## Task to carry out
Every line below between the one holding "Mooie kaart van" and the one holding "5 1890 Dirigida", inclusive, should be copied exactly, and no other line.

## Input
□ □ □ □ □
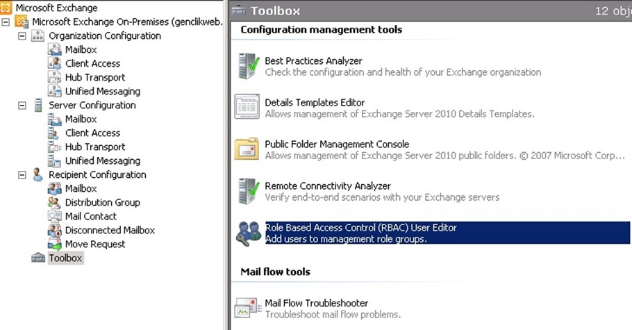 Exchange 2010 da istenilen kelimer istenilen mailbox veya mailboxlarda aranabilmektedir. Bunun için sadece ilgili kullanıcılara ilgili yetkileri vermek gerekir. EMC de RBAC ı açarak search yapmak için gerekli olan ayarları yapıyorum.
□ □ □ □ □
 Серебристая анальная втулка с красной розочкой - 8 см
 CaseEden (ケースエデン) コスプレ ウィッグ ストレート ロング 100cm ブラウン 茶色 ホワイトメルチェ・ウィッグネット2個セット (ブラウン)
□ □ □ □ □
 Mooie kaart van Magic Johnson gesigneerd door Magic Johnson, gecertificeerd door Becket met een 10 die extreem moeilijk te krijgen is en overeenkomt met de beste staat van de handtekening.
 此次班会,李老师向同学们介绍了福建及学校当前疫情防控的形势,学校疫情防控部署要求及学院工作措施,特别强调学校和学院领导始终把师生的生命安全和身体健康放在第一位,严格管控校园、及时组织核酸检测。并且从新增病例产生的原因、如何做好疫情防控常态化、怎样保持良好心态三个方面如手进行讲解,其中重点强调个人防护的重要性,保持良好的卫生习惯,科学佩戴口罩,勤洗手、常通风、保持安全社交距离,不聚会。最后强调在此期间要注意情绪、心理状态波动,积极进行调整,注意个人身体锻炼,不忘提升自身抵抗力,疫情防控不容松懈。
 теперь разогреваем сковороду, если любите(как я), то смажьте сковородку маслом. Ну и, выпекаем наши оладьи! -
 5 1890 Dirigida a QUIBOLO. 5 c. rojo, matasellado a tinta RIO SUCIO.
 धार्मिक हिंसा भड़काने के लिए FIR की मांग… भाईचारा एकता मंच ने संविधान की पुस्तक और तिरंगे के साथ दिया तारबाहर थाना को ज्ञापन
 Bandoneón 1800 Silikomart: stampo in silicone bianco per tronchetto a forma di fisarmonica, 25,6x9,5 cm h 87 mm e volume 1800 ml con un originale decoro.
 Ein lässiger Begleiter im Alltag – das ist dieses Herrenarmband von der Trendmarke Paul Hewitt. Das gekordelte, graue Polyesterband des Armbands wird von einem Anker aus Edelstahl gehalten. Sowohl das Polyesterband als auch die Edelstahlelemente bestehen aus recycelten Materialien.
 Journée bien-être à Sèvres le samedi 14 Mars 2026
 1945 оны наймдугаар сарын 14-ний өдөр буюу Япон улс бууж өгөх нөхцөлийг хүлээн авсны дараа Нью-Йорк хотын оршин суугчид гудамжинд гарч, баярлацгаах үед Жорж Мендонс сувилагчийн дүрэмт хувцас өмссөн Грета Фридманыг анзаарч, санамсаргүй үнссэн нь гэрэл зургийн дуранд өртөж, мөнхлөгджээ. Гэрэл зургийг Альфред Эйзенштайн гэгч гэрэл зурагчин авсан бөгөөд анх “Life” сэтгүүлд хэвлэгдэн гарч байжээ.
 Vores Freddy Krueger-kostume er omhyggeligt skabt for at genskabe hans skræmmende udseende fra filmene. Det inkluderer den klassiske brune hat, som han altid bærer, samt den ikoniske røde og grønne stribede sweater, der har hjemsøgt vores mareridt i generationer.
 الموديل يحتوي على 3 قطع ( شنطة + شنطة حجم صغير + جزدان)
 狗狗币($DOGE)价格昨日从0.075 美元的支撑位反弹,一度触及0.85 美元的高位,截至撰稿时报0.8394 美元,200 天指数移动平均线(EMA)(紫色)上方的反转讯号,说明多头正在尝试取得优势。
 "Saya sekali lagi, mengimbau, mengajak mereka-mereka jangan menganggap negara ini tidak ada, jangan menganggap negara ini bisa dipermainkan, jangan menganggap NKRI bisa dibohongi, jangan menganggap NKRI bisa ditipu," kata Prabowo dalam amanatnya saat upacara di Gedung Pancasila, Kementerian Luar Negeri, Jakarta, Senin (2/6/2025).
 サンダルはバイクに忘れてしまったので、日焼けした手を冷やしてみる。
□ □ □ □ □
## Solution
 Mooie kaart van Magic Johnson gesigneerd door Magic Johnson, gecertificeerd door Becket met een 10 die extreem moeilijk te krijgen is en overeenkomt met de beste staat van de handtekening.
 此次班会,李老师向同学们介绍了福建及学校当前疫情防控的形势,学校疫情防控部署要求及学院工作措施,特别强调学校和学院领导始终把师生的生命安全和身体健康放在第一位,严格管控校园、及时组织核酸检测。并且从新增病例产生的原因、如何做好疫情防控常态化、怎样保持良好心态三个方面如手进行讲解,其中重点强调个人防护的重要性,保持良好的卫生习惯,科学佩戴口罩,勤洗手、常通风、保持安全社交距离,不聚会。最后强调在此期间要注意情绪、心理状态波动,积极进行调整,注意个人身体锻炼,不忘提升自身抵抗力,疫情防控不容松懈。
 теперь разогреваем сковороду, если любите(как я), то смажьте сковородку маслом. Ну и, выпекаем наши оладьи! -
 5 1890 Dirigida a QUIBOLO. 5 c. rojo, matasellado a tinta RIO SUCIO.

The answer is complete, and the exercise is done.